Эстле прижала ноготь к левой ноздре, взглянула, прищурившись, на вавилонянина. Пирокийный блеск падал на левую сторону ее лица, на левую грудь, классический александрийский абрис, на ее левое бедро и лядвие под гладкой тканью юбки; за ее спиной лежала темная Мареотида и отблески Александрии. На миг Аурелия даже перестала быть уверена, кого она видит перед собой: Алитэ или Деву Вечернюю. Моргнула, раз, другой.
— Стратегос Бербелек в эти мгновения уже контролирует Амиду и Пергам, — сказала эстле. — Марий Селевкидит будет коронован как король Четвертого Пергама. Иероним Бербелек как раз получил точку опоры, необходимую, чтобы перевернуть Землю. Пока не соберуться войска — и только на этот короткий момент, Гауэр, — у меня есть предложение Семипалому: он — либо Навуходоносор. С кем должно примириться Селевкидиту и стратегосу Бербелеку, а кто падет их жертвой, и чья страна будет разорвана Пергамом, Аксумом, Эфремовыми измаилитами — ну и одним из врагов-соседей — Эгипет либо Вавилон? Пусть Семипалый выбирает.
Гауэр покачал головой.
— Он никогда не нападет на Чернокнижника.

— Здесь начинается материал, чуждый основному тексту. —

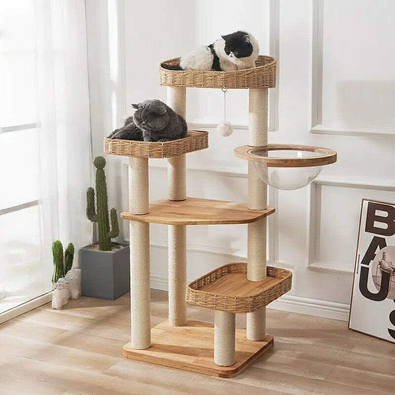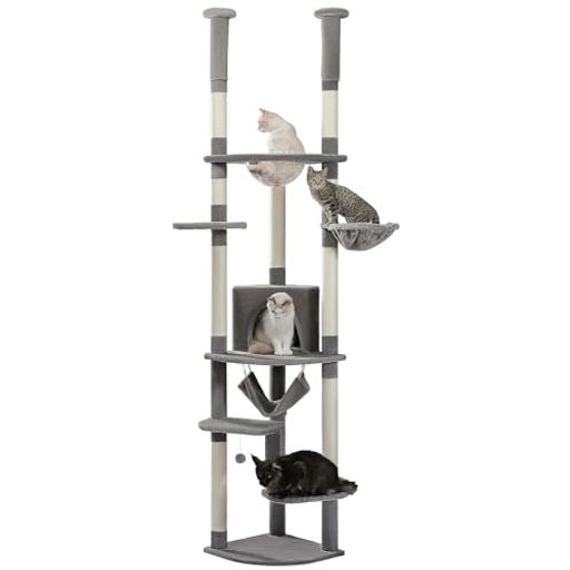 【頑丈で安定している】このキャットタワーは大型猫用に設計されており、頑丈な木製の構造を採用しています。直径12cmのサイザル麻ポールは、猫の爪とぎに最適で、家具や壁を傷つけることなく、猫が自由に爪を研ぐことができます。高さ調節可能な設計により、天井にしっかりと固定でき、安定性も抜群です。多頭飼いにも対応でき、複数の猫が同時に使用しても問題ありません。キャットツリーとして、猫の遊びと休憩場所を一つで提供します。【多機能設計】本キャットタワーには、猫の爪とぎ、登り、ジャンプ、休憩ができる多機能が詰まっています。サイザル麻のポールと広々とした展望台、宇宙船型の休憩所、さらにハンモックも完備し、猫が遊びながらリラックスできるスペースを提供。木登りが好きな猫にとっては、自宅でも思いっきり運動できる場所を提供でき、ストレス解消にも効果的です。棚板は15kgの重さにも耐えられる強度を持ち、猫の体重をしっかり支えます。【環境に優しい素材とお手入れ簡単】当キャットタワーは、高温処理された木材を使用しており、耐湿性や耐圧性が優れており、長期間使用しても形が崩れることがありません。宇宙船は水洗い可能、ハンモックの布も取り外してお手入れが簡単で、清潔に保つことができます。木の表面は湿らせた布で拭くだけでOK。お手入れが楽で、猫の健康を守りながら、安心して使える商品です。【おしゃれでインテリアに調和するデザイン】シンプルで洗練されたデザインのキャットタワーは、どんなお部屋にもマッチします。木製の優れた質感とスリムなデザインで、猫の遊び場としてはもちろん、インテリアとしても美しい空間を作ります。カラーも落ち着いたトーンで、家の中に自然に溶け込みます。猫が自由に遊べるだけでなく、おしゃれな空間を提供します。【簡単な組み立てと安心のサポート】組み立てが簡単で、設置動画が付属しており、どなたでも簡単に組み立てることができます。また、ご購入前に天井の高さをご確認いただければ、より快適にご使用いただけます。不良部品があった場合は無料で交換対応いたしますので、返品の手間も心配ありません。 ※画像はご覧になっているモニターやPCなどの環境により、実物と多少カラーが異なる場合がございます。 ※ページに記載の通りですが、製造時期や改良などによって仕様が若干異なる場合がございますので何卒ご了承下さい。 ※基本的には全国一律送料無料と対応させていただきますが、ご送付先は沖縄・北海道など離島の場合は2500円の送料をご請求させていただきます、ご注文後追加送料があります。 ※色味やサイズが異なるなどのクレームはご対応致しかねますので、ご了承ください。 ※商品のサイズは採寸方法によって、若干な誤差が生じる場合はあります。ご了承ください。 ※こちらの対応と商品について何かご不満がありましたら、「レビュー」を付ける前に一度ショップとご連絡してお願いいたします、ショップの誠意を持って最後まで対応させていただきます。 ◎※販売している商品は全て新品未使用です、倉庫から出荷前に検品必要ですので、箱を開封する場合もございます、予めご了承くださいませ。 ◎※初期不良の場合は到着後3営業日以内にご連絡ください。 ◎※初期不良の場合は写真や動画を送って下さい、確認後無料で新品交換もしくは御返金致しますのでご連絡下さい。 ◎※写真や動画を送っていただけない場合は技術者と確認できません、返品返金対応出来ない可能性が御座います、予めご了承くださいませ。【頑丈で安定している】このキャットタワーは大型猫用に設計されており、頑丈な木製の構造を採用しています。直径12cmのサイザル麻ポールは、猫の爪とぎに最適で、家具や壁を傷つけることなく、猫が自由に爪を研ぐことができます。高さ調節可能な設計により、天井にしっかりと固定でき、安定性も抜群です。多頭飼いにも対応でき、複数の猫が同時に使用しても問題ありません。キャットツリーとして、猫の遊びと休憩場所を一つで提供します。【多機能設計】本キャットタワーには、猫の爪とぎ、登り、ジャンプ、休憩ができる多機能が詰まっています。サイザル麻のポールと広々とした展望台、宇宙船型の休憩所、さらにハンモックも完備し、猫が遊びながらリラックスできるスペースを提供。木登りが好きな猫にとっては、自宅でも思いっきり運動できる場所を提供でき、ストレス解消にも効果的です。棚板は15kgの重さにも耐えられる強度を持ち、猫の体重をしっかり支えます。【環境に優しい素材とお手入れ簡単】当キャットタワーは、高温処理された木材を使用しており、耐湿性や耐圧性が優れており、長期間使用しても形が崩れることがありません。宇宙船は水洗い可能、ハンモックの布も取り外してお手入れが簡単で、清潔に保つことができます。木の表面は湿らせた布で拭くだけでOK。お手入れが楽で、猫の

— Я не о том спрашиваю. Спрашиваю, даст ли он клятву о нейтралитете Бербелеку, признает ли Королевство Пергам и пошлет ли, в случае необходимости, свои войска в Эгипет. Ты ведь слышал, каково условие Золотого относительно союза: падение Вавилона.
— Да.
— Что — «да»?
— Да, Семипалый принесет такую клятву.
Эстле Лятек склонилась в кресле к эйдолосу кратистоса Вавилона:
— Ты уверен?
— Эстле, — вздохнул Гауэр, — я, увы, всегда уверен.
— А когда падет Чернокнижник…
— Если падет Чернокнижник, эстле, если.
— Если.
— Ба!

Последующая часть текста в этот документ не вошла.